OLR Research Report


December 16, 2002

 

2002-R-1001

NEW JERSEY AND CONNECTICUT CORPORATION TAX LAWS

 

By: Judith S. Lohman, Chief Analyst

Both Connecticut and New Jersey require multi-state corporations to apportion income to determine what percentage of the total is taxable in each state. Both states also use apportionment formulas that give the greatest weight to sales, requiring companies to allocate their income in whole or in part based on the ratio of their sales in Connecticut or New Jersey to their total nationwide sales. But many such companies make sales either to purchasers in states where they have no taxable nexus or to the U. S. government. These sales are called "nowhere sales" because they are not taxed by any state.

States can capture revenue from nowhere sales by establishing "throwout" or "throwback" rules. A "throwout rule" removes nowhere sales from the company's total sales. A "throwback rule" requires the company to add nowhere sales to its in-state sales. Either way, such rules increase the relative weight of in-state sales and thus the taxable income apportioned to the taxing state.

New Jersey's new law establishes a throwout rule for multi-state corporations operating in New Jersey. But it caps the additional tax liability attributable to the throwout at $ 5 million for any corporate group. It also allows each group to spread the additional liability proportionately among its affiliates.

Connecticut currently has no throwout or throwback rule (CGS §§ 12-218, 218a, 218b).

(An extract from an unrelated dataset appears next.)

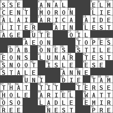 ACROSS 1. Compass dir. 4. Of or related to the anus 8. Shade tree 11. Penny 13. Person of subnormal intelligence 15. Untruth 16. Mountain range southwest of Kyrgyzstan 17. N. Chile seaport 18. Assistant 19. 61 cubic inches 21. The 18th letter of the Arabic alphabet 22. For fear that 23. Ripen 24. Shoshoni 27. Petroleum 29. A really long time 30. Drinks excessively 34. Small moist lump or mass 36. Washington bills 39. Vertical member of a panel or frame 40. Immeasurably long periods of time 41. Type of eclipse 43. Trial 44. Snout, nose 46. Capri or Wight 47. Compass dir. 48. Showing deterioration from age 49. Queen of England 1702-14 51. University (slang) 53. Expire 54. Scottish cap 57. Not this but _ 60. Teat (slang) 63. Laconic 65. Hollow 66. Satellite of Uranus 69. Electrical Unit 70. Bear (Spanish) 71. Dipping utensil 72. Arab leader 73. To sift 74. A home for chicks 75. Before (prefix) DOWN 1. Any of the three canals of the cochlea 2. Major League Baseball Commissioner Bud 3. Maternal 4. Nursemaid (var.) 5. Not either 6. Roberta Peters solo 7. Venues 8. Writer Wiesel 9. Hats (slang) 10. Confront 12. Neckwear 14. Billionth: prefix 18. One to whom something is allotted 20. Regret 25. Instrument 26. World-weariness 28. ___ a Wonderful Life 29. Utter; complete 31. Sliced desserts 32. Otherwise 33. Put into a specified state 34. Do not 35. Small Philippine buffalo 37. Followers of ems 38. Vegetable dish 40. Double-curved letter 42. Painter Guido (1575-1642) 45. Nine, plus one 50. Fish or hair follower 52. Slanted text style (abbr.) 54. _____ steamer (cargo ship) 55. Having gotten out of bed 56. Distance measurement (Brit.) 57. Son of Odin 58. Stockings 59. _ vera 61. SW Asia republic 62. Event that recurs at intervals 64. She-sheep 67. Raised railways 68. Allow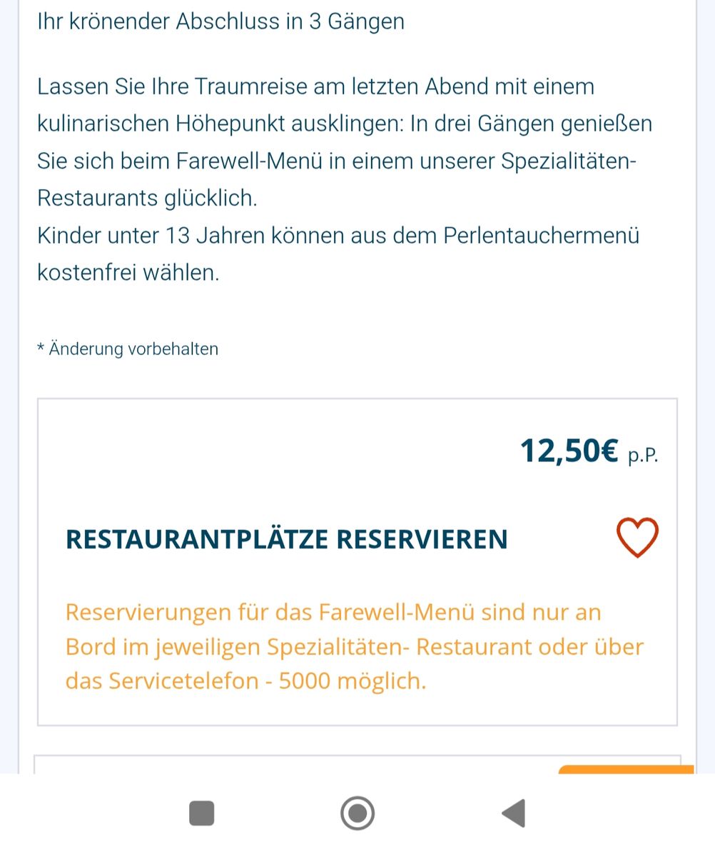 Und ich vermute, dass der Light Tarif ein Test ist wie bereit die Paxe sind zusätzliche Kosten zu zahlen. Da werden durch den Preis Anreize geschaffen zu buchen und dann wird ganz genau auf die Bord Rechnung geschaut was als zusätzliche Kosten alles gebucht wird... Als Anzreiz zahlt man auf den ersten Blick etwas weniger... Am Ende wird aus einem Teil der Spezialitätenrestaurants ein Zuzahlrestaurant werden... Es gibt ja jetzt auch am letzten Reisetag ein kostenpflichtiges 3 Gänge…Matzethias6. August 2025 um 09:30 Ich hatte mal als Suchbegriff "Farewell Menü" eingegeben, da hat es mir diese Posts angezeigt.

New Jersey previously allowed corporations to exclude from taxable income 100% of any dividends received from companies in which they have at least an 80% ownership interest and 50% of all other dividends. The new act eliminates the exclusion for dividends from companies in which the corporation receiving the dividends has less than a 50% ownership.

Connecticut's dividend exclusion is more generous than either the current or former New Jersey one. Connecticut allows corporations to exclude 100% of dividends from companies in which they have at least a 20% ownership interest and 70% of dividends from any other company (CGS § 217(a)(1)(D)).